# Spider Rat?



## Zach (Jun 2, 2007)

I took my rats out and one of them climbs, it's so cute. Oreo climbs up the side of his cage. He goes up down and sideways climbing. Anyone else have Spider Rats? I'm thinking of making a big climbing course for him out of a mesh thingy.


----------



## A1APassion (Jul 29, 2007)

**raises hand**

We have spider rats here as well & one that I call Monkey from time to time because she hangs on the sides & stares at me with this look in her eye of "MommY PLEEEEEESE take me out!!"


----------



## glindella (Sep 9, 2007)

More than once Ive found boys on top of the FN... when they were supposed to be playing on the COUCH!


----------



## Meghan (Jul 31, 2007)

Ollie loves to climb(even though it took him a while before learning how to go DOWN the ramps in his cage)the world is just one big jungle gym to a curious rat=3


----------



## AustinXAPMX3 (Oct 23, 2007)

Ha ha silly my rat used to do that


----------



## OnlyOno (Apr 4, 2007)

i love watching mozart jungle around on her cage.  it's delightful. she's less adventerous/(smart?) than picasso so she doesn't usually get that much farther from her cage than that... lol.


----------



## crapola (Feb 12, 2007)

spazz, cirrus & nimbus all climb around their cage, but spazz thinks she is a monkey!! she will swing across the bars on the top of the cage like a kid on monkey bars at school, in preference to running from side to side or up and down the cage.

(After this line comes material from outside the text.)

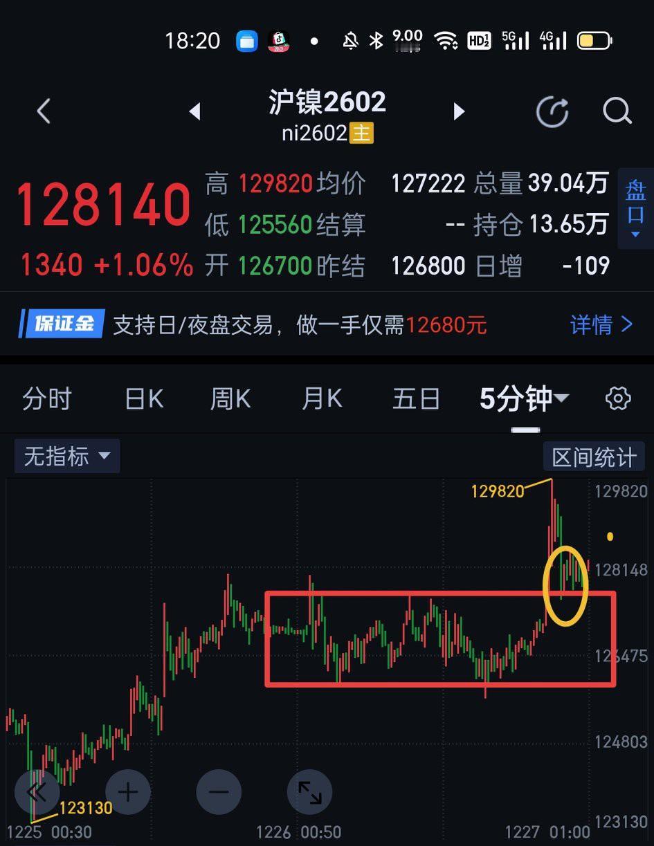沪镍,上午忘说了一个关键点,一分钟中枢形成后,125560~129820的离开段回调过程并没有形成中枢的三买。如三买形成可期待挑战130880高点。三买点没形成,只能等待走势完成中枢震荡,选择方向后再对应股票进行操作。

tonight i caught ash hanging from the bars on the top of the big cage but then she dropped to the shelf. the big girls will climb the sides of the cage, but a couple of them (ginger & meggsy) are getting too "chunky" to do it very much.


----------



## simbakitten (Oct 10, 2007)

my rattie acid (newly named today!) is just like that! i thought that was just him!=]


----------



## rat_ratscal (Sep 23, 2007)

i do!


----------



## lilspaz68 (Feb 24, 2007)

Spider rats?

I call my kiddos plastered to the side of the Martin's Playpen of whichever side I am closest to, Rat Magnets. LOL


----------



## jellybeanqueen (Sep 6, 2007)

aw, that picture is so adorable. <3
my girls are spider rats too..they love to climb (up, down, sideways..!), and can get down from my bed easily. xD


----------



## SamsterAndRocky (Jul 24, 2007)

id call them "Cling Rats"


----------



## KAYLASMOM (Oct 19, 2007)

We call it Garfielding. Just like those Garfield things that people stick to their windows in the car. One time my girl Arielle was hanging on the cage door and we opened it and she swung out on the door. It was hysterical. I think she liked it b/c the next day her sister Belle did it!


----------



## Macabri (Oct 8, 2007)

I always tell my two babies that they're Monkey-Rats. They practically knock each other down trying to climb the side of the cage I'm standing by. At least it lets me get to their fuzzy little bellies.


----------



## KAYLASMOM (Oct 19, 2007)

I like to get their little bird feet when they hang. I love when they push each others heads away with their paws when they are hanging there trying to get attention in the morning before free roam.


----------



## rat_ratscal (Sep 23, 2007)

hyper is my spider rat

















the above was her in beginning form


----------



## Macabri (Oct 8, 2007)

I'm surprised she doesn't escape that cage if she can fit her head through.


----------



## rat_ratscal (Sep 23, 2007)

that was a LONG time ago, and even when she could fit she was too chicken to escape


----------



## Macabri (Oct 8, 2007)

Okay, makes sense.


----------



## rat_ratscal (Sep 23, 2007)

if you want another pic of her escaping it's in my thread in meet my rats, im not going to post it here since i dont want to be responsible for ANOTHER thread lock :roll:


----------



## pooky (Dec 10, 2007)

my naked one does so to reach the rop and hangs upside down. she also climbs up my dog's crated then i call her King Kong even though she is a girl.


----------



## Phobie (Jun 3, 2007)

Oh man my boys just loooooove to climb!


----------



## JESSU (Aug 8, 2007)

When my rat was a baby he could stick his whole hed through the cage bars. He never cared to escape though.


----------